3.Extract Raw Wikipedia Page to Knowledge Graph
Use the loaded Wikipedia content to extract entities and relationships:
pred = extractor(text = wiki[0].page_content)
Look at the demo row in database(exclude description_vector
column as it has 1536 length of float):
mysql> select id, name, description from entities limit 1 \G
*************************** 1. row ***************************
id: 1
name: Elon Reeve Musk
description: A businessman and investor, founder, chairman, CEO, and CTO of SpaceX; angel investor, CEO, product architect, and former chairman of Tesla, Inc.; owner, executive chairman, and CTO of X Corp.; founder of The Boring Company and xAI; co-founder of Neuralink and OpenAI; and president of the Musk Foundation.
1 row in set (0.16 sec)
mysql>
4.Visualize the Graph
Show the graph using PyVis:
HTML(filename=jupyter_interactive_graph(pred.knowledge))

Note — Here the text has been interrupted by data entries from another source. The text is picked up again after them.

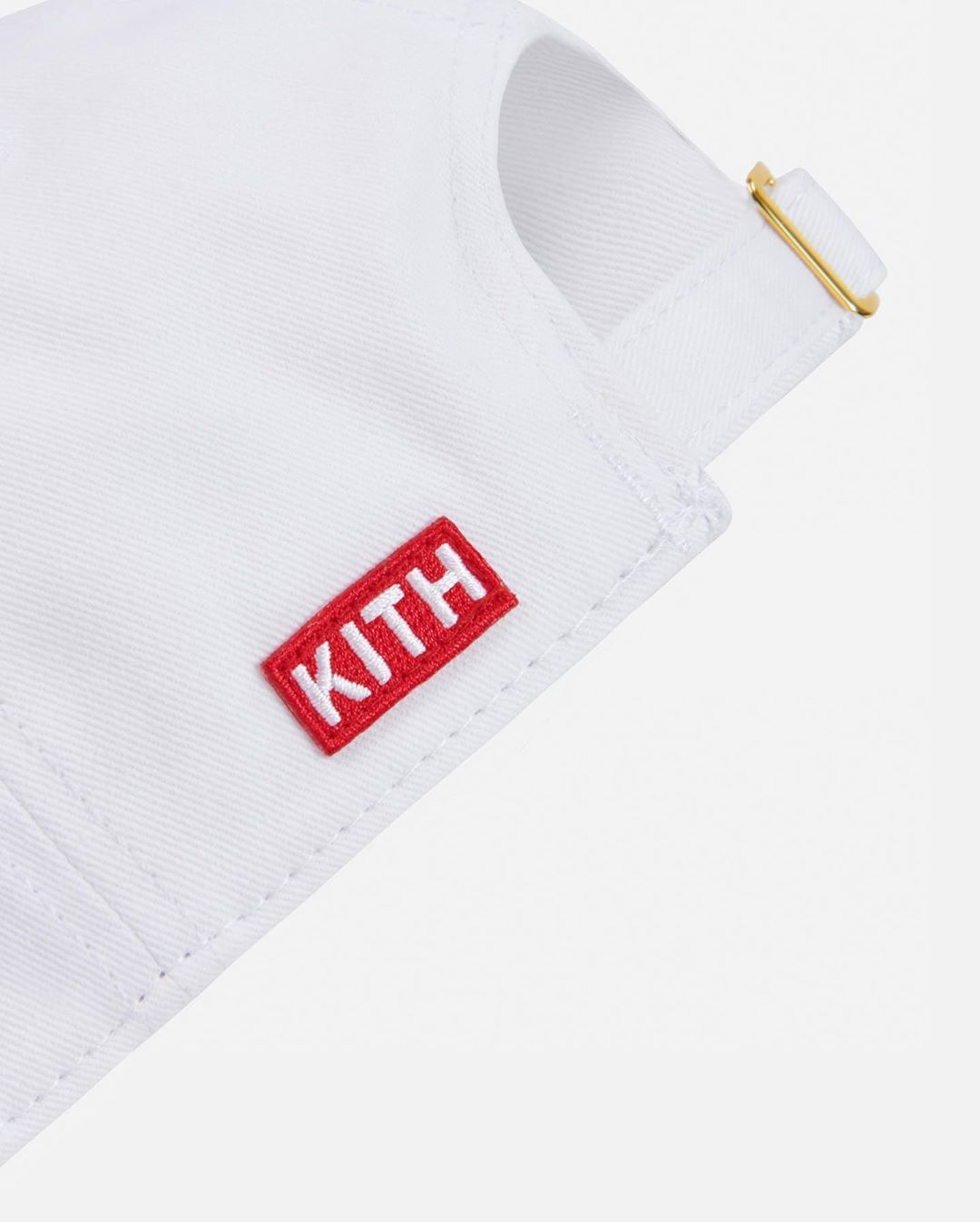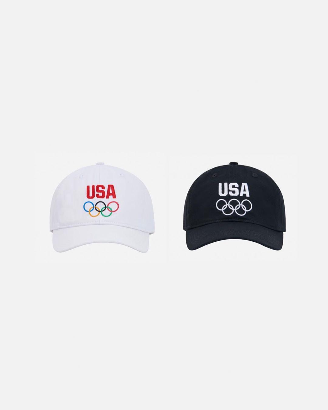 The flag also returns in the lower part, while the USA stars and stripes stand out in the back accompanied by the 5 Olympic circles. Another not inconsiderable detail is the high-cut collar; here too there is the motif of the American flag printed on the lining. The baseball cap - black and white - is an integral part of the collection and matcha perfectly with the rest of the outfit made by KITH. Simplicity makes it perfect: KITH logo on the side and double USA logo plus Olympic rings.
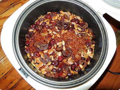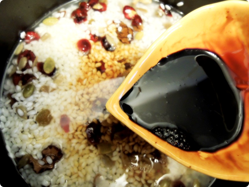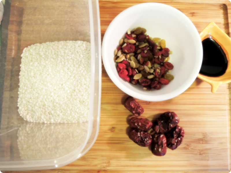材料:もち米、水、水飴、ごま油、醤油、シナモンパウダー、ナツメ、干しぶどう、ナッツ
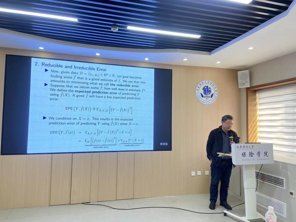 张连增教授以《统计学习中的偏差-方差权衡》为主题展开学术分享。他指出,在精算数据科学快速发展的背景下,统计学习已成为现代精算建模的核心工具。报告聚焦偏差-方差权衡(BVT)这一基础概念,通过理论解析与R软件数值演示相结合的方式,系统阐释了该概念在模型复杂度与泛化能力间的核心作用。张教授从数学推导到可视化呈现层层递进,既剖析了过拟合现象的成因,也演示了正则化技术的应用场景,为师生们掌握精算数据科学关键方法论提供了清晰路径。

Note: we can see the relationship
is different from the same concept in Graph database, in Graph databases, relationships between entities are typically represented with simple and concise labels, such as “have” or “belongs_to.” However, when defining relationships in TiDB Serverless, the representation is more complex and expansive. For example:
mysql> select * from relationships limit 1 \G
*************************** 1. row ***************************
id: 1
source_entity_id: 1
target_entity_id: 2
relationship_desc: Elon Musk is the founder, chairman, CEO, and CTO of SpaceX.
1 row in set (0.17 sec)
mysql>
5.Save Graph to TiDB Serverless
Persist the extracted knowledge graph to a TiDB serverless database:
save_knowledge_graph(pred.knowledge)
Done!
Part 2: Retrieve
6.Ask a Question
Define a query, such as finding details about Elon Musk:
question = "Who is Elon Musk?"
7.Find Entities and Relationships
Retrieve entities and relationships related to the query from the database:
question_embedding = get_query_embedding(question)
entities, relationships = retrieve_entities_relationships(question_embedding)
Still using SQL skills to search entity and relationship.
Part 3: Generate Answer
8.Generate an Answer
Using the entities and relationships retrieved, generate a comprehensive answer:
result = generate_result(question, entities, relationships)
print(result)
Result:
Elon Reeve Musk is a prominent businessman and investor known for founding and leading several high-profile technology and space exploration companies. He is the founder, chairman, CEO, and CTO of SpaceX; the angel investor, CEO, product architect, and former chairman of Tesla, Inc.; the owner, executive chairman, and CTO of X Corp., which Twitter was rebranded into after its acquisition; the founder of The Boring Company and xAI; and the co-founder of Neuralink and OpenAI. He also serves as the president of the Musk Foundation...........
Conclusion
This tutorial demonstrates a straightforward method to create a Knowledge Graph from Wikipedia data and utilize it to answer user queries using advanced natural language processing tools. The integration of DSPy with OpenAI and TiDB enables efficient processing and retrieval of information, making it a powerful tool for building intelligent applications.
Feel free to adapt the code to different Wikipedia pages or queries to explore the capabilities of this approach further.